> **What you are asked to do**: Please copy only the material from the line that has "Montessori klocki do" to the very last line, both ends included, exactly as written and without pictures.
■ ■ ■
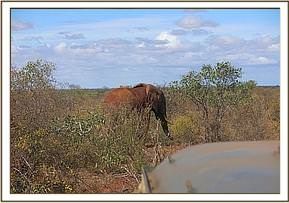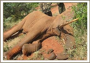 This male elephant had a severe trunk injury and was reported at the Kilaguni waterhole by the Lodge security personnel. The Vet Unit travelled from Amboseli National Park to Tsavo West National Park Kilaguni Lodge and met the lodge manager regarding the injured male elephant. It had been spotted last evening retreating into the nearby bush together with four other males. After an hours search the elephant was discovered 2kms away in the company of several males, females and calves.
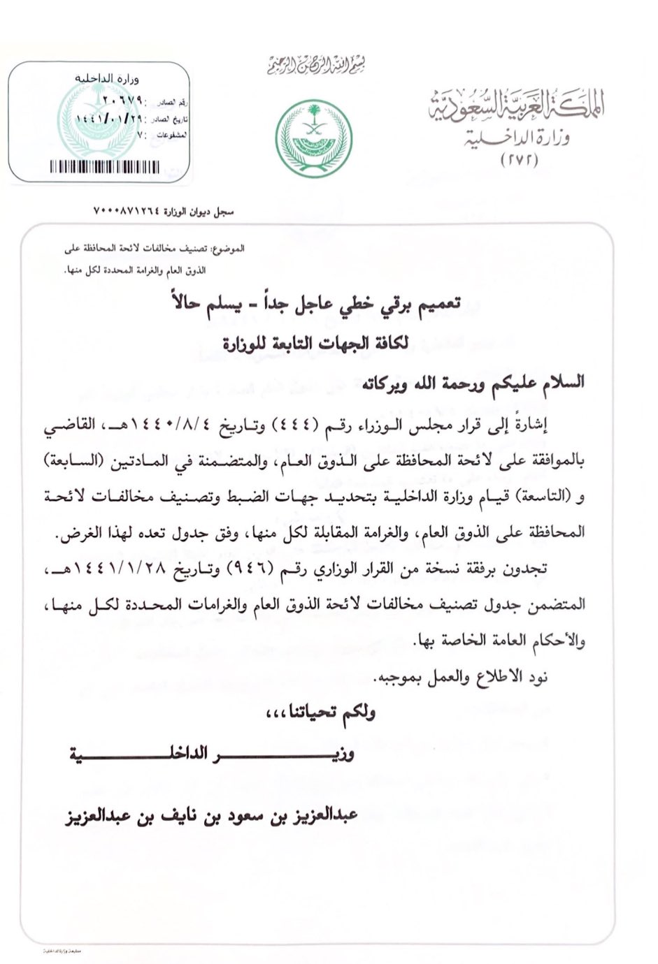 دعت النيابة العامة أمس على حسابها في تويتر المواطنين والمقيمين ليكونوا واعين بأحكام لائحة المحافظة على الذوق العام وعقوباتها الصادرة بقرار مجلس الوزراء رقم ٤٤٤ وتاريخ ٠٤ ٠٨ ١٤٤٠هـ ونشرت النيابة. لائحة المحافظة على الذوق العام. الذوق العام في السعودية هو مجموعة الآداب السلوكية والاجتماعية التي تنطوي تحت إطار اللباقة التي يفرضها المكان والزمان وعام يته ومنبعها الثقافة الإنسانية والسلوكيات المتعارف عليها وتحكمها لائحة تنظيمية بدأ. مجموعة السلوكيات والآداب التي تعبر عن قيم المجتمع ومبادئه وهويته بحسب الأسس والمقومات المنصوص عليها في النظام الأساسي للحكم.
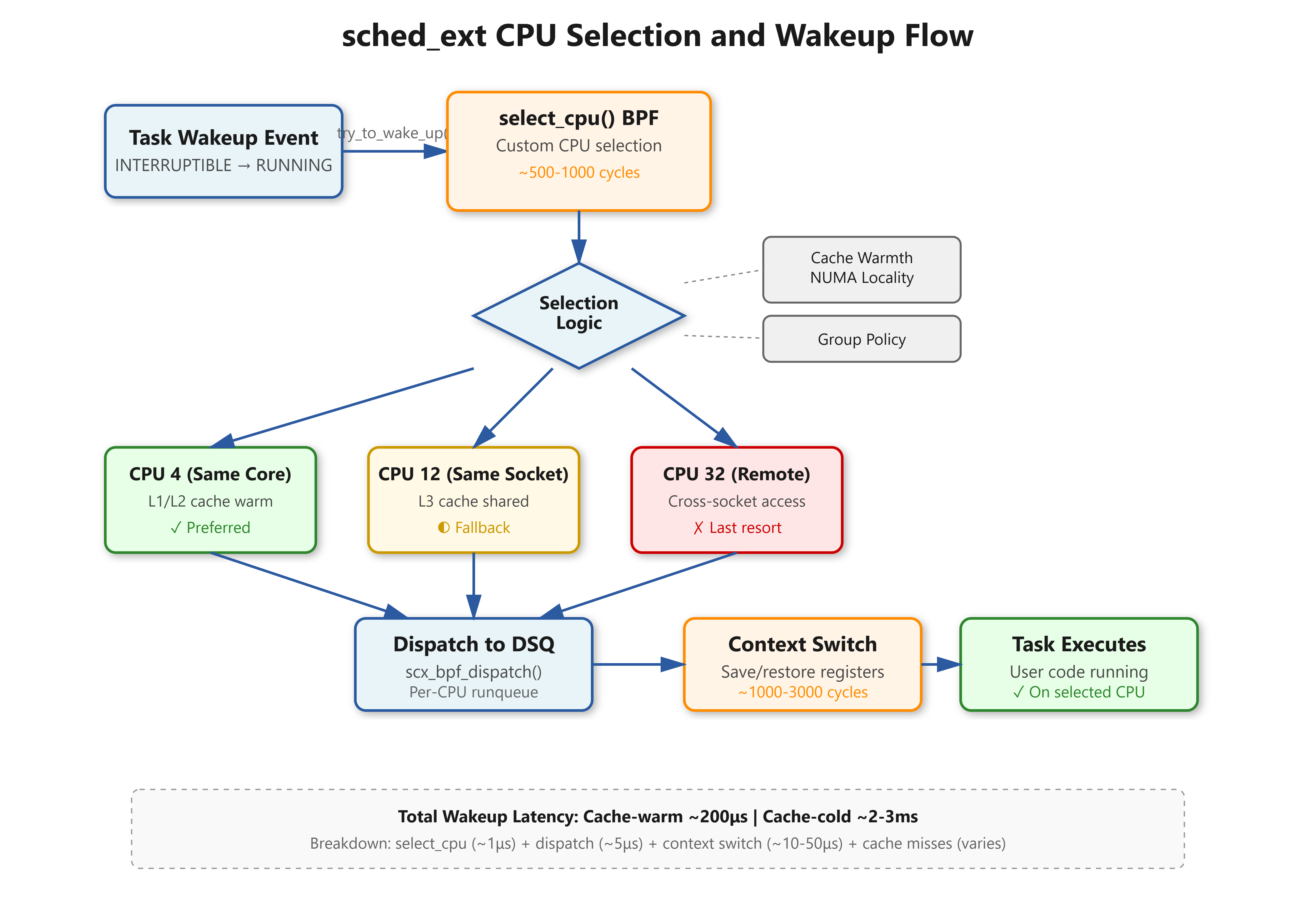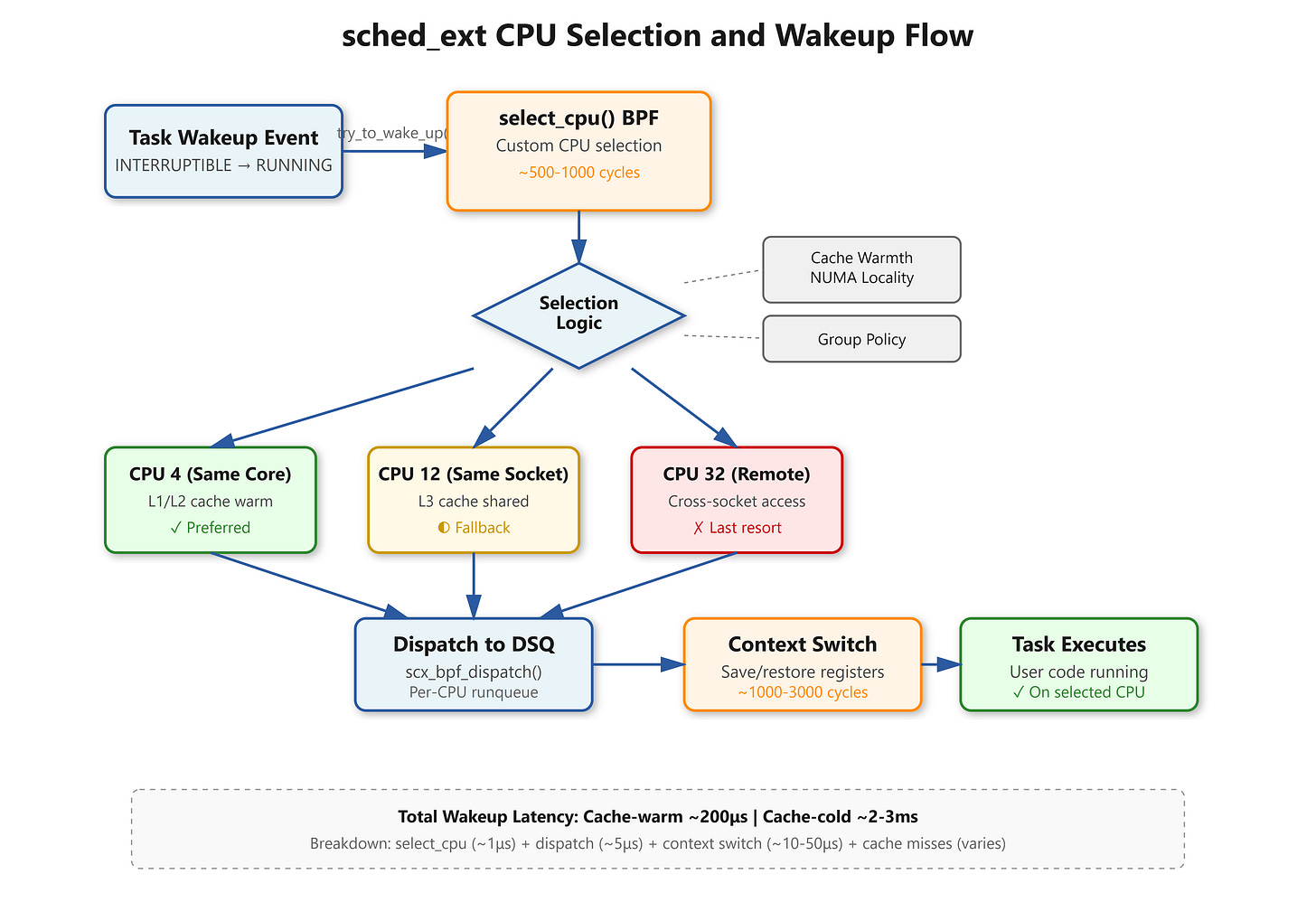 When a task transitions from TASK_INTERRUPTIBLE to TASK_RUNNING, the kernel calls try_to_wake_up(). With CFS, you get whatever the load balancer thinks is fair. With sched_ext, your select_cpu() callback runs in BPF context and returns the target CPU. This happens millions of times per second, so your logic needs to be fast—under 1000 CPU cycles typically.
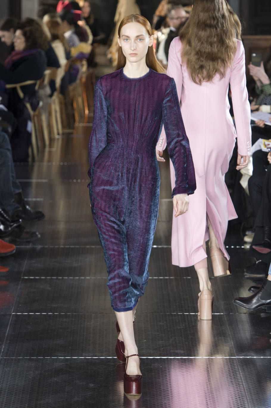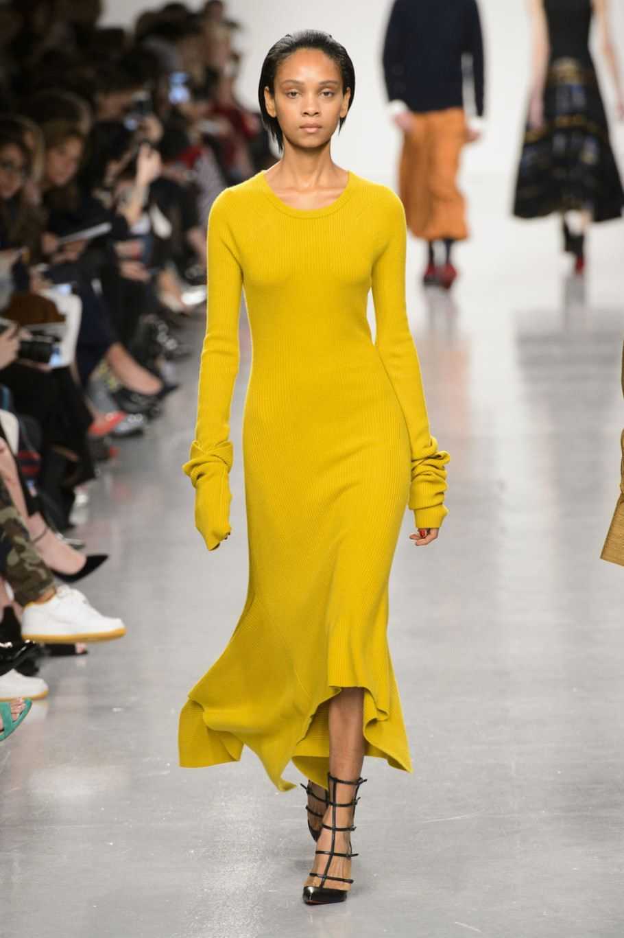 Платье из теплого материала, может смотреться стильно и без выразительных акцентов. Gabriela Hearst представила бархатное платье с легким градиентом – интересная фактура и глубокий цвет создают очень интересный эффект.
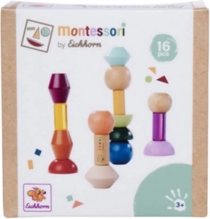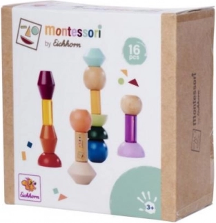 Montessori klocki do układania otwierają dzieciom świat kształtów i kreatywności: z 16 elementów łatwo zbudują wieże i wzory. Połączenie drewna FSC, 5 kształtów geometrycznych i 2 akrylowych cegiełek zachwyci małych budowniczych; odpowiednie od 3 lat.
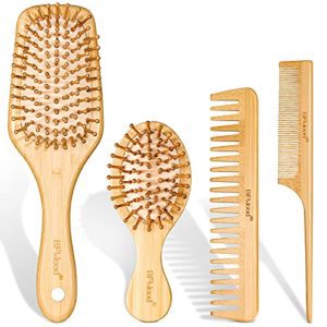 BFWood 4 in 1 Bamboo Hair Brush Set, Eco-Friendly Wooden Hair Brushes and Combs Set for All Types of Hair in Family
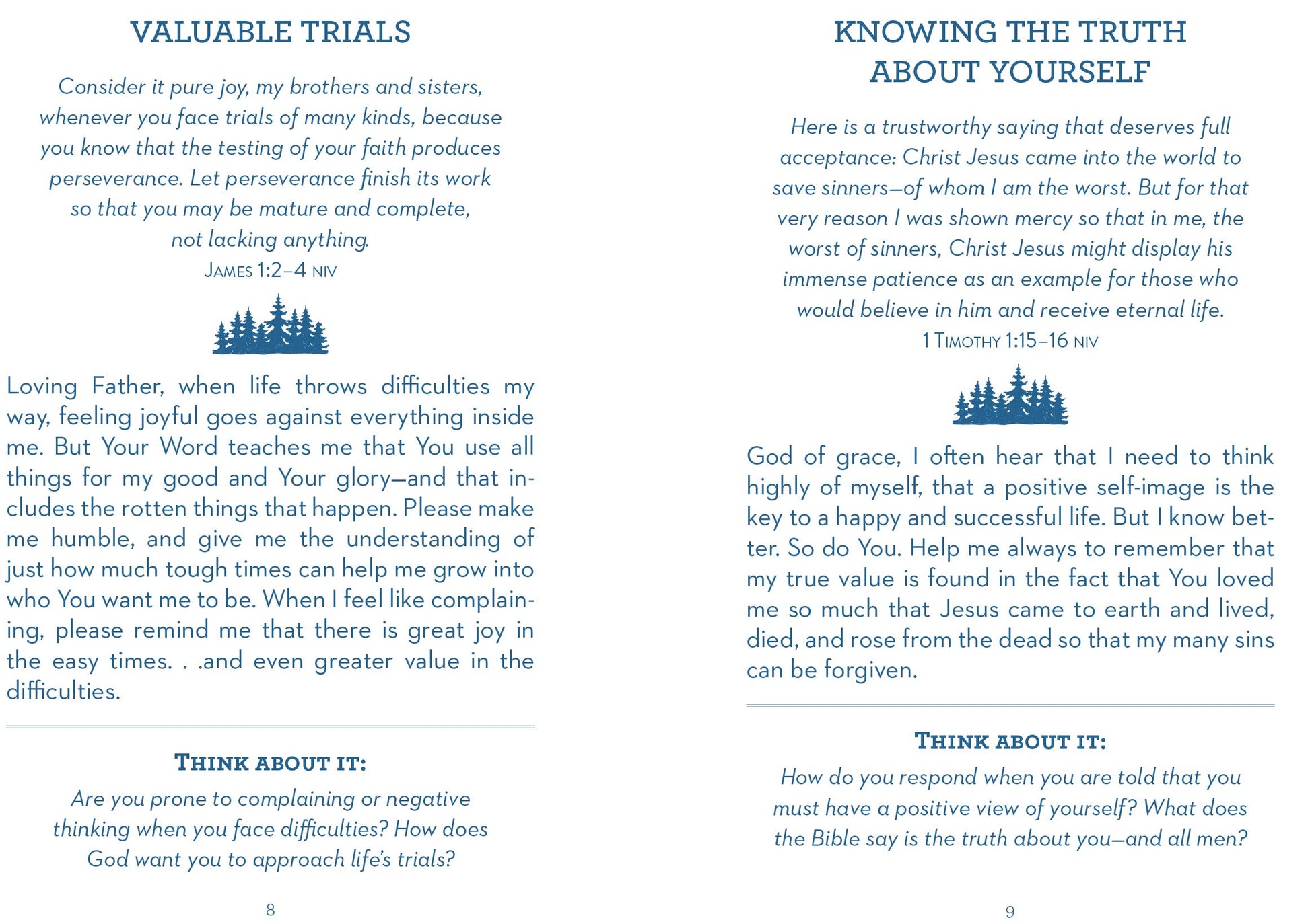 This devotional prayer title packs a powerful dose of inspiration into just-right-sized readings for men of all ages and backgrounds. Each of these 180 prayers, written specifically for devotional quiet time, meets you right where you are—and is complemented by a relevant scripture and question for further thought. Addressing the vital issues of life common to all men—such as the two great commandments of loving God and loving others, having and being a friend, leaving a legacy, purity, and the thought life—3-Minute Prayers for Men will lead you step-by-step into a closer walk with God the Father and Jesus His Son.
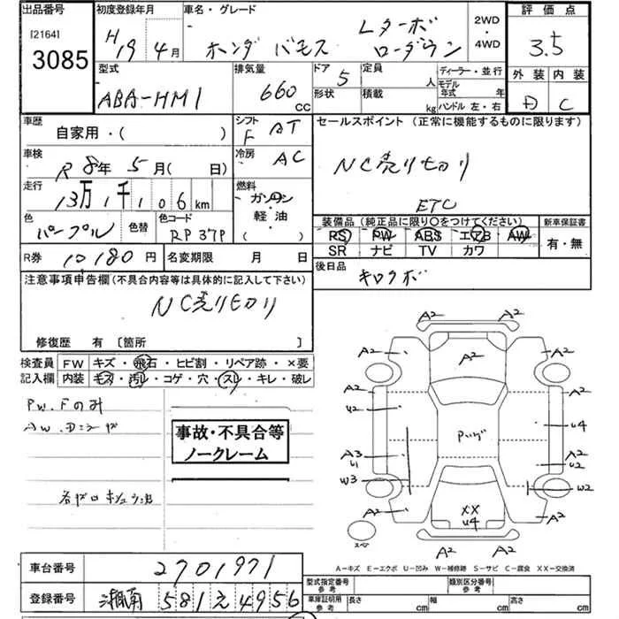 Honda VAMOS с аукциона Японии JU Kanagawa лот № 3085
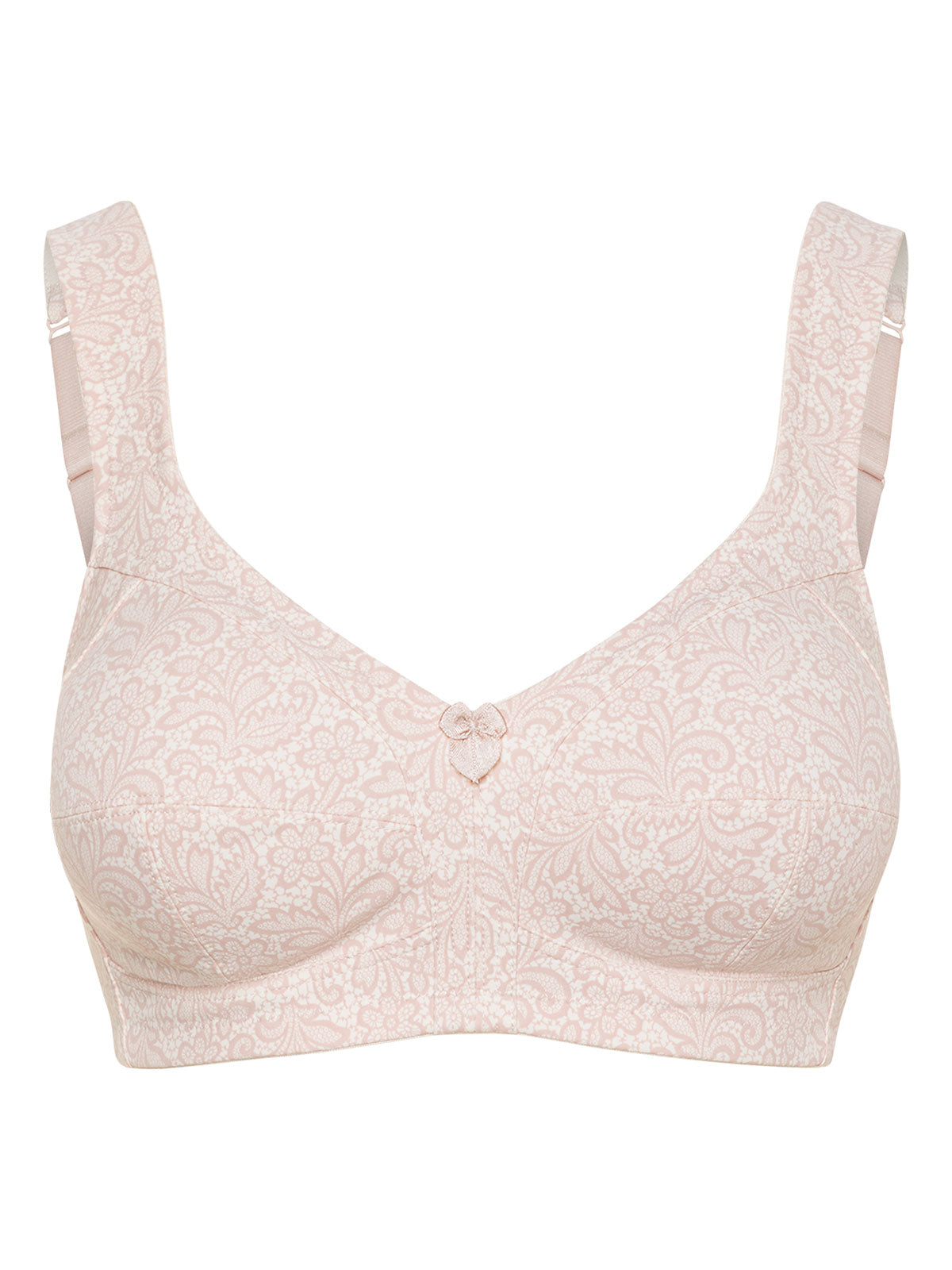 Disfruta de la perfecta combinación de comodidad y estilo con este sujetador sin aros de diseño estampado. Con copas cosidas en tres piezas y una banda ancha bajo el pecho, ofrece una sujeción óptima incluso en tallas grandes. Su tacto suave gracias al algodón y sus tirantes anchos y ajustables lo convierten en una prenda ideal para el día a día.
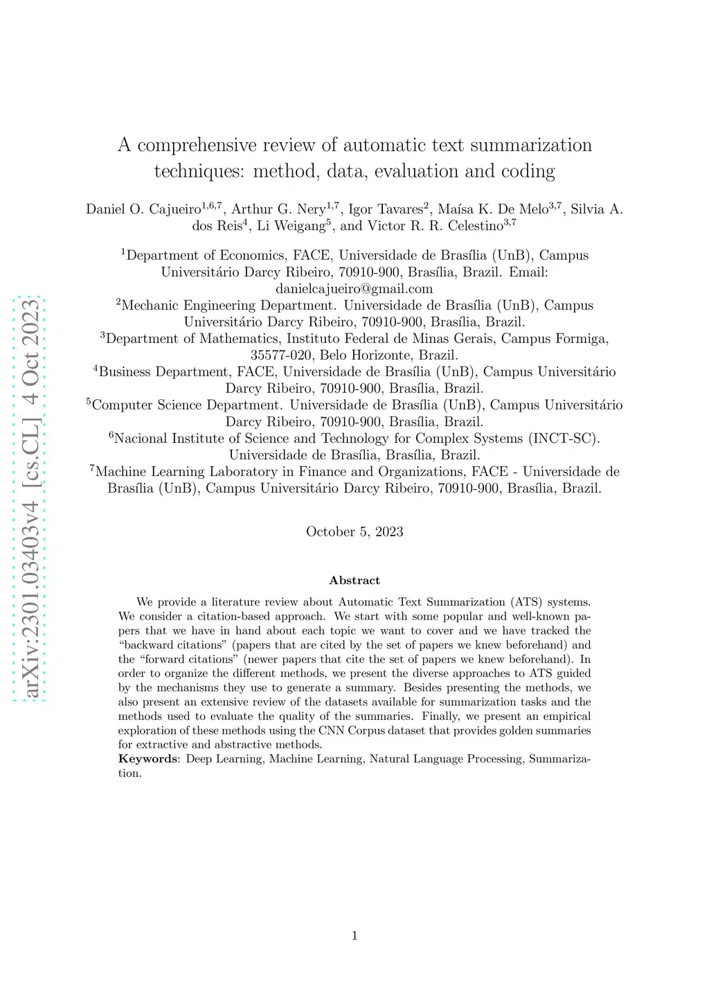We provide a literature review about Automatic Text Summarization (ATS) systems. We consider a citation-based approach. We start with some popular and well-known papers that we have in hand about each topic we want to cover and we have tracked the "backward citations" (papers that are cited by the set of papers we knew beforehand) and the "forward citations" (newer papers that cite the set of papers we knew beforehand). In order to organize the different methods, we present the diverse approaches to ATS guided by the mechanisms they use to generate a summary. Besides presenting the methods, we also present an extensive review of the datasets available for summarization tasks and the methods used to evaluate the quality of the summaries. Finally, we present an empirical exploration of these methods using the CNN Corpus dataset that provides golden summaries for extractive and abstractive methods.
■ ■ ■
> **The answer**:
 Montessori klocki do układania otwierają dzieciom świat kształtów i kreatywności: z 16 elementów łatwo zbudują wieże i wzory. Połączenie drewna FSC, 5 kształtów geometrycznych i 2 akrylowych cegiełek zachwyci małych budowniczych; odpowiednie od 3 lat.
 BFWood 4 in 1 Bamboo Hair Brush Set, Eco-Friendly Wooden Hair Brushes and Combs Set for All Types of Hair in Family
 This devotional prayer title packs a powerful dose of inspiration into just-right-sized readings for men of all ages and backgrounds. Each of these 180 prayers, written specifically for devotional quiet time, meets you right where you are—and is complemented by a relevant scripture and question for further thought. Addressing the vital issues of life common to all men—such as the two great commandments of loving God and loving others, having and being a friend, leaving a legacy, purity, and the thought life—3-Minute Prayers for Men will lead you step-by-step into a closer walk with God the Father and Jesus His Son.
 Honda VAMOS с аукциона Японии JU Kanagawa лот № 3085
 Disfruta de la perfecta combinación de comodidad y estilo con este sujetador sin aros de diseño estampado. Con copas cosidas en tres piezas y una banda ancha bajo el pecho, ofrece una sujeción óptima incluso en tallas grandes. Su tacto suave gracias al algodón y sus tirantes anchos y ajustables lo convierten en una prenda ideal para el día a día.
We provide a literature review about Automatic Text Summarization (ATS) systems. We consider a citation-based approach. We start with some popular and well-known papers that we have in hand about each topic we want to cover and we have tracked the "backward citations" (papers that are cited by the set of papers we knew beforehand) and the "forward citations" (newer papers that cite the set of papers we knew beforehand). In order to organize the different methods, we present the diverse approaches to ATS guided by the mechanisms they use to generate a summary. Besides presenting the methods, we also present an extensive review of the datasets available for summarization tasks and the methods used to evaluate the quality of the summaries. Finally, we present an empirical exploration of these methods using the CNN Corpus dataset that provides golden summaries for extractive and abstractive methods.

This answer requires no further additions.